Monday, September 10, 2018

Cooking with gas

The guests have gone home, the mornings have an autumn chill, and I have veg and fruit to deal with.

The good news is that the tomatoes and tomatillos produced after all!  I took the advice offered and just waited to see if I´d get a crop, and while a number were brown and blotchy from the blight, there are quite a few perfectly acceptable tomatoes.  There is also, for the first time, some blossom end rot.

Mostly it´s obvious, as in the upper case here.  But, I have also found rot inside some that were apparently perfect on the outside, just as a word to the wise.  One of the benefits of quartering and roasting the tomatoes before saucing, I guess.

The tomatillos finally sized up on the ones I planted earliest.  Also roasted for salsa.  If only there were some cilantro left, but it all bolted weeks ago.  Hoping for at least one more picking and will try mixing in some golden tomatoes to the pan.

The potatoes were small and not very numerous and a number were nibbled.  As were these, so I pulled them all.  No sense encouraging the varmints.

And it´s a great apple year.  So I tried another apple pie recipe from Smitten Kitchen - Dutch Apple Pie, and I´m glad to report that it´s delish, and our apples didn´t turn to mush in the oven!
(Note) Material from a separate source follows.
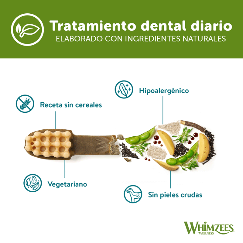 Los snacks dentales WHIMZEES en forma de cepillo de dientes ofrecen una combinación perfecta de cuidado dental y placer de masticar para su perro gigante (de más de 27 kg). Sus diseños únicos y su textura basada en vegetales no solo promueven la limpieza dental, sino que también contribuyen al flujo sanguíneo entre las encías, previniendo el mal aliento y la acumulación de placa y sarro dental.

The crust is interesting on this one, more like cookie dough and not as elastic as short crust, and I´m afraid I rolled it out too thin, it wanted to collapse in the latticing.  And I had no raisins on hand, so I threw in a handful of walnuts.  But tasty, nonetheless, and I may be enjoying it for breakfast.

Hope your harvests are plentiful!


  1. Hi Coco,

    All this talk about blossom end rot has left me feeling a bit uncomfortable. Thanks for the photos as I'd never seen such a tomato disease before. The apple pie looks beautiful! Yum!


  2. That apple pie looks delish, much more inviting to eat for breakfast than the bowl of porridge I have in front of me!

    When we have troubles with our tomatoes, we just carry on and let the tomatoes get on with it, cutting away the 'bad' bits when I come to process them for storage. No crop this year though, and miss not having the numerous jars of canned tomato sauce sitting on my larder shelves!

  3. Hi Chris,

    I´m sure your blossom end is just fine.

    Hi Vera,

    In terms of pie, I have to confess I´m all about the filling, not so much the crust. Curiously, I don´t think the Spanish add cinnamon to apple pie etc., which I thought was traditional, they were surprised when I used it. Must come from the German/English heritage.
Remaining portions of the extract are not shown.